Bluedrop ISM
- Company type: Private (since 2021) Public (prior to 2021)
- Industry: E-learning
- Founder: Emad Rizkalla
- Headquarters: 18 Prescott Street St. John's, Newfoundland and Labrador A1C 3S4
- Area served: Worldwide
- Number of employees: 130
- Subsidiaries: Bluedrop Training & Simulation Inc. Bluedrop ISM
- Website: www.bluedrop.com

= Bluedrop Performance Learning =

Bluedrop ISM (formerly Bluedrop Performance Learning) is an e-learning company based in St. John's, Newfoundland and Labrador, Canada.

The company, founded in 1992 by President and CEO Emad Rizkalla, provides custom courseware and learning services for defence and aerospace, healthcare, small businesses and governments. Bluedrop Performance Learning has offices in Halifax, Fredericton, Ottawa, and Vancouver. The company currently employs more than 100 people and has developed e-learning courseware and learning tools for clients such as Dell Inc., Sony, Prentice Hall Inc., Pfizer, ExxonMobil and McGraw-Hill.

Bluedrop has two business units; The Defence and Aerospace (DA) Unit and the CoursePark Learning Services (CLS) Unit. Its DA unit produces mission training services for international military and commercial aviation clientele. Work in this unit has seen Bluedrop listed in Canada's 2011 Top 50 Defence Companies. Bluedrop's CLS is the developer of an online e-learning platform.
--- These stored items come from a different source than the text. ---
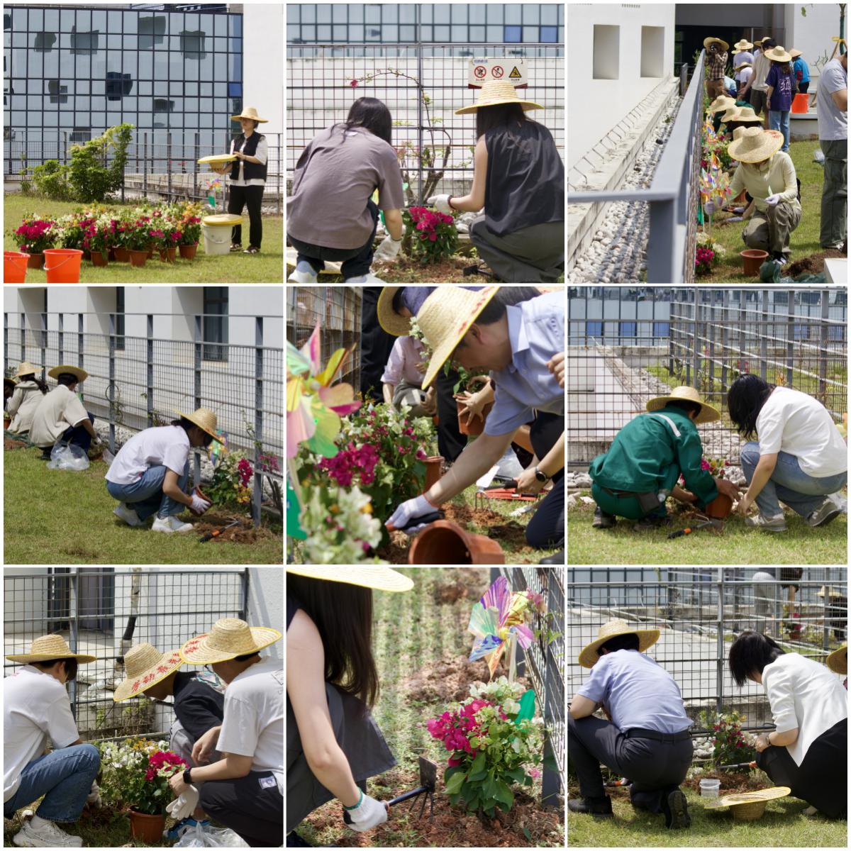 活動現場,師生分工協作,揮鍬培土、澆水固根,李永華、朱蓓薇與深港學子共同栽種簕杜鵑和紫荊樹,志愿者們為香港學院的同學分發種子紀念票。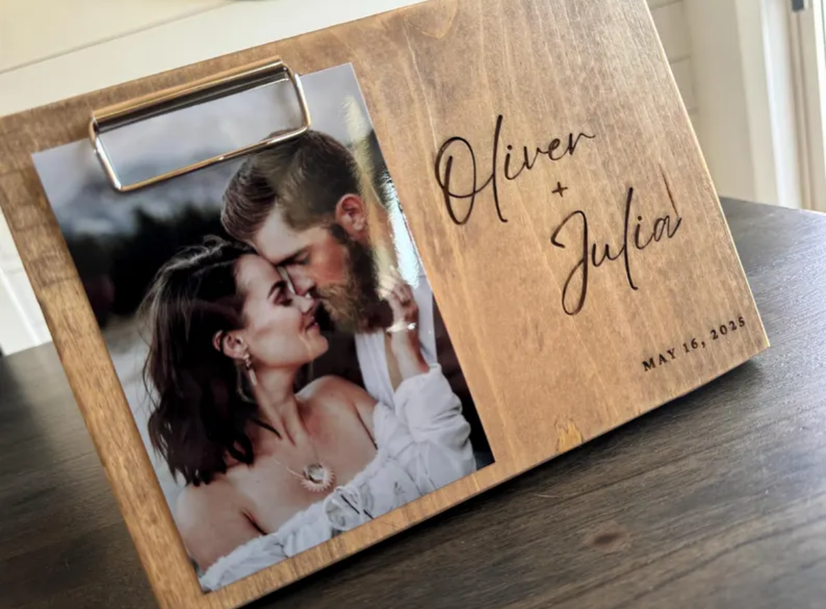 Celebrate your love story—or the love story of someone special—with this beautifully crafted wooden photo frame, personalized with the couple’s names and a meaningful date. Featuring fancy script writing, it’s a timeless piece to honor the journey two people build side by side.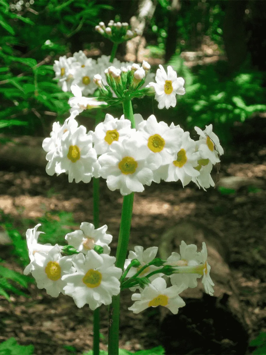 Примула японская Alba — изысканное растение с нежной белоснежной красотой цветков, покоряющих своей утончённостью и элегантностью. Листья крупные, округло-сердцевидные, слегка волнистые по краям, насыщенно-зелёного цвета, образуют пышную прикорневую розетку, словно мягкий зелёный ковёр, украшающий садовые композиции. Цветоносы возвышаются над листвой стройными свечками, увенчанные шапочками ароматных белых цветов, обладающих лёгким приятным ароматом. Бутоны раскрываются постепенно, создавая эффект непрерывности цветения, которое начинается ранней весной и продолжается до начала лета. Растёт примула преимущественно во влажных тенистых местах, предпочитая богатые гумусом почвы, где её красота проявляется особенно ярко. Благодаря неприхотливости и декоративности она широко используется в ландшафтном дизайне, добавляя саду атмосферу свежести и весеннего очарования.

On January 26, 2012, the company completed a reverse takeover transaction with Serebra Learning Corporation. Completion of this transaction makes Bluedrop Canada's largest full service eLearning company.

The company was purchased by Rizbollo Holdings Limited and Name 3 Capital Inc. in April 2021 with its stock being delisted from the TSX Venture Exchange.